# [Requirement]
Could you write out the records below exactly as they appear, leaving out any pictures?

# [Excerpts from a dataset]

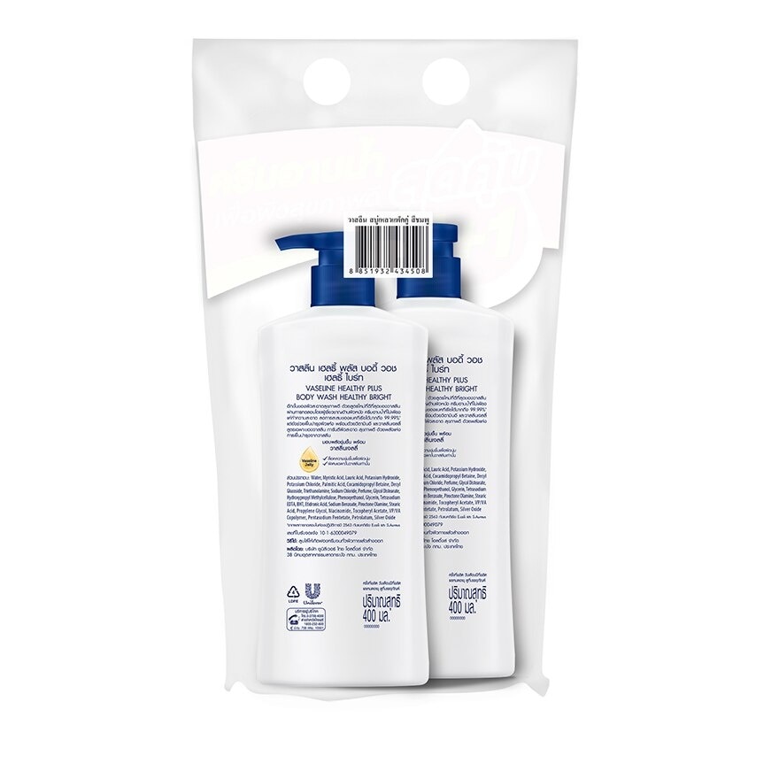 Vaseline Healthy Plus Body Wash Healthy Bright Introducing the new step of clean and healthy skin with the best formulation from Vaseline bodywash. Tested by dermatologists. Not only that it helps reduce bacteria 99.99 but also help nourish dry skin with vitamin E and Vaseline Jelly, exclusive only in Vaseline. Guarantee for clean and healthy skin with the healing power of Vaseline from laboratory test in 2020 with Bacteria E.coli and S.Aureus A healthy skin is a clean and nourished skin. Vaseline Body wash range actively nourishes your skin with a special moisturing nutrient from Vaseline lotion. Your skin feels clean and with a brigther look
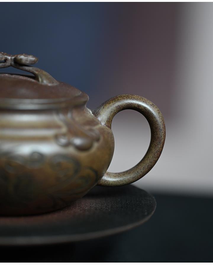 原礦紅皮龍刻竹漢瓦紫砂壺POT5455
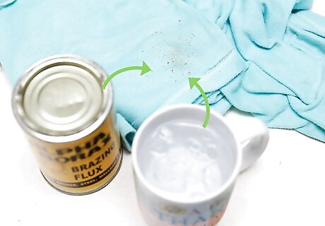 Remove Kool-Aid stains from clothing. First, spray the stain with ice cold water. Next, cover the stain with a thin layer of borax. Using an old toothbrush, gently work the borax into the fabric. Blot the area with a clean cloth. Repeat the process until the stain has disappeared. Wash the clothing in cold water and air dry the clothing. Borax is a hazardous chemical and should be handled with care. Wear gloves when you use it and keep it out of the reach of children. To avoid this problem altogether, wear old clothing when cooking or playing with Kool-Aid.
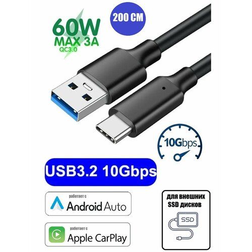 НАЙТИ ВЫГОДНЕЕ - Кабель USB 3.2 для внешнего SSD диска USB Type C 10 Гбит/с поддержка Android Auto 200 см
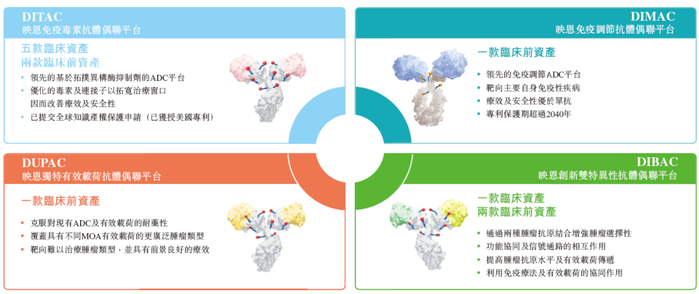 映恩生物打造了四大领先的ADC技术平台,即DITAC(映恩免疫毒素抗体偶联平台)、DIBAC(映恩创新双特异性抗体偶联平台)、DIMAC(映恩免疫调节抗体偶联平台)、DUPAC(映恩独特有效载荷抗体偶联平台),公司已建立由12款自主研发的ADC候选药物组成的极具创新及差异化的管线,包括:
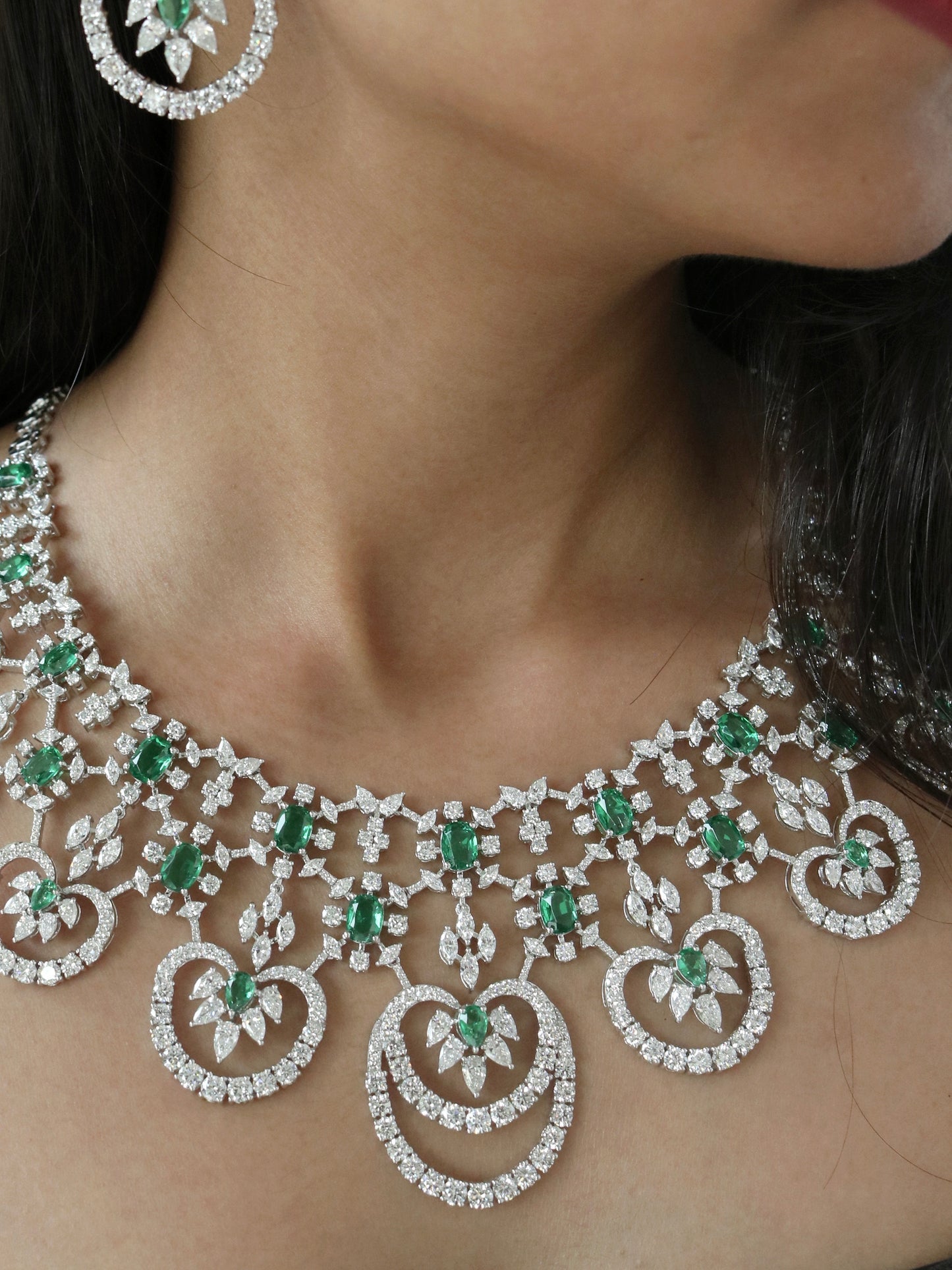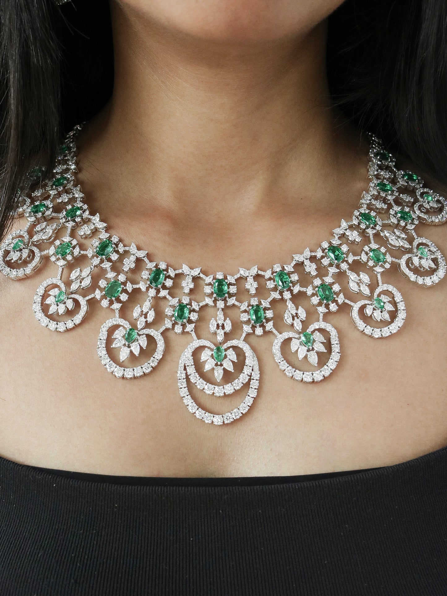 Immerse in elegance with this Luxury Green Emerald Gemstone Moissanite Necklace for Her. Showcasing 56.48TCW of vibrant green emerald gemstones paired with brilliant moissanite stones, it radiates regal charm. Crafted in 135 grams of premium gold, the design offers both opulence and timeless allure. The striking contrast between rich green hues and sparkling whites creates captivating depth. Each stone is handpicked for clarity, color, and brilliance. Perfect for weddings, festivities, or statement occasions. A breathtaking piece that defines luxury with bold sophistication.
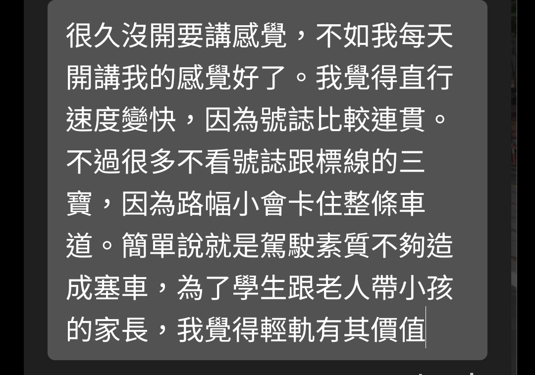 → hantulee : 建議你多搭搭公車,聽聽公車司機的抱怨 10/22 15:10
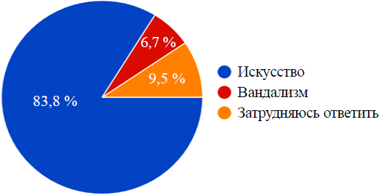 Результаты анкетирования респондентов представлены в виде диаграмм. Большинство опрошенных горожан считают, что стрит-арт — это искусство (рис. 5).
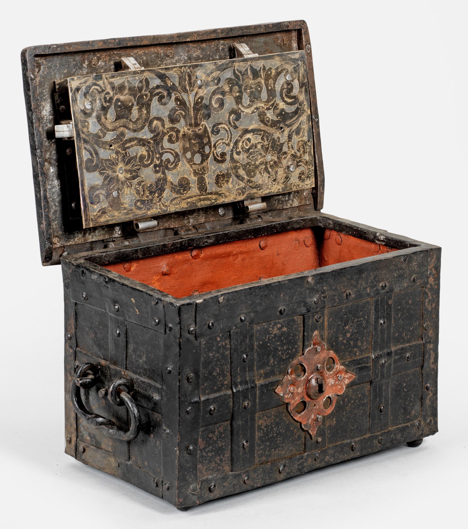 Eisen. Auf vier Kugelfüßen rechteckiger Korpus mit flachem Scharnierdeckel und seitlichen, beweglichen Handhaben. Korpus und Deckel mit über Kreuz vernieteten Bandbeschlägen. Frontseitig zentral aufgelegtes und rot gefasstes Kartuschenmotiv mit Scheinschloss. Verdecktes Schloss auf dem Deckel. Innen rot bemalt. Auf Deckelinnenseite die fein ziselierte, teilw. vergoldete und gebläute, rechteckige Schlossabdeckplatte mit stilisierten Blattranken und Tulpenblüte. Vier Zuhaltungen. Mit Hohldornschlüssel. H. 21 cm. 33,5 cm x 19,5 cm.

# [Reply to the exercise]
 Vaseline Healthy Plus Body Wash Healthy Bright Introducing the new step of clean and healthy skin with the best formulation from Vaseline bodywash. Tested by dermatologists. Not only that it helps reduce bacteria 99.99 but also help nourish dry skin with vitamin E and Vaseline Jelly, exclusive only in Vaseline. Guarantee for clean and healthy skin with the healing power of Vaseline from laboratory test in 2020 with Bacteria E.coli and S.Aureus A healthy skin is a clean and nourished skin. Vaseline Body wash range actively nourishes your skin with a special moisturing nutrient from Vaseline lotion. Your skin feels clean and with a brigther look
 原礦紅皮龍刻竹漢瓦紫砂壺POT5455
 Remove Kool-Aid stains from clothing. First, spray the stain with ice cold water. Next, cover the stain with a thin layer of borax. Using an old toothbrush, gently work the borax into the fabric. Blot the area with a clean cloth. Repeat the process until the stain has disappeared. Wash the clothing in cold water and air dry the clothing. Borax is a hazardous chemical and should be handled with care. Wear gloves when you use it and keep it out of the reach of children. To avoid this problem altogether, wear old clothing when cooking or playing with Kool-Aid.
 НАЙТИ ВЫГОДНЕЕ - Кабель USB 3.2 для внешнего SSD диска USB Type C 10 Гбит/с поддержка Android Auto 200 см
 映恩生物打造了四大领先的ADC技术平台,即DITAC(映恩免疫毒素抗体偶联平台)、DIBAC(映恩创新双特异性抗体偶联平台)、DIMAC(映恩免疫调节抗体偶联平台)、DUPAC(映恩独特有效载荷抗体偶联平台),公司已建立由12款自主研发的ADC候选药物组成的极具创新及差异化的管线,包括:
 Immerse in elegance with this Luxury Green Emerald Gemstone Moissanite Necklace for Her. Showcasing 56.48TCW of vibrant green emerald gemstones paired with brilliant moissanite stones, it radiates regal charm. Crafted in 135 grams of premium gold, the design offers both opulence and timeless allure. The striking contrast between rich green hues and sparkling whites creates captivating depth. Each stone is handpicked for clarity, color, and brilliance. Perfect for weddings, festivities, or statement occasions. A breathtaking piece that defines luxury with bold sophistication.
 → hantulee : 建議你多搭搭公車,聽聽公車司機的抱怨 10/22 15:10
 Результаты анкетирования респондентов представлены в виде диаграмм. Большинство опрошенных горожан считают, что стрит-арт — это искусство (рис. 5).
 Eisen. Auf vier Kugelfüßen rechteckiger Korpus mit flachem Scharnierdeckel und seitlichen, beweglichen Handhaben. Korpus und Deckel mit über Kreuz vernieteten Bandbeschlägen. Frontseitig zentral aufgelegtes und rot gefasstes Kartuschenmotiv mit Scheinschloss. Verdecktes Schloss auf dem Deckel. Innen rot bemalt. Auf Deckelinnenseite die fein ziselierte, teilw. vergoldete und gebläute, rechteckige Schlossabdeckplatte mit stilisierten Blattranken und Tulpenblüte. Vier Zuhaltungen. Mit Hohldornschlüssel. H. 21 cm. 33,5 cm x 19,5 cm.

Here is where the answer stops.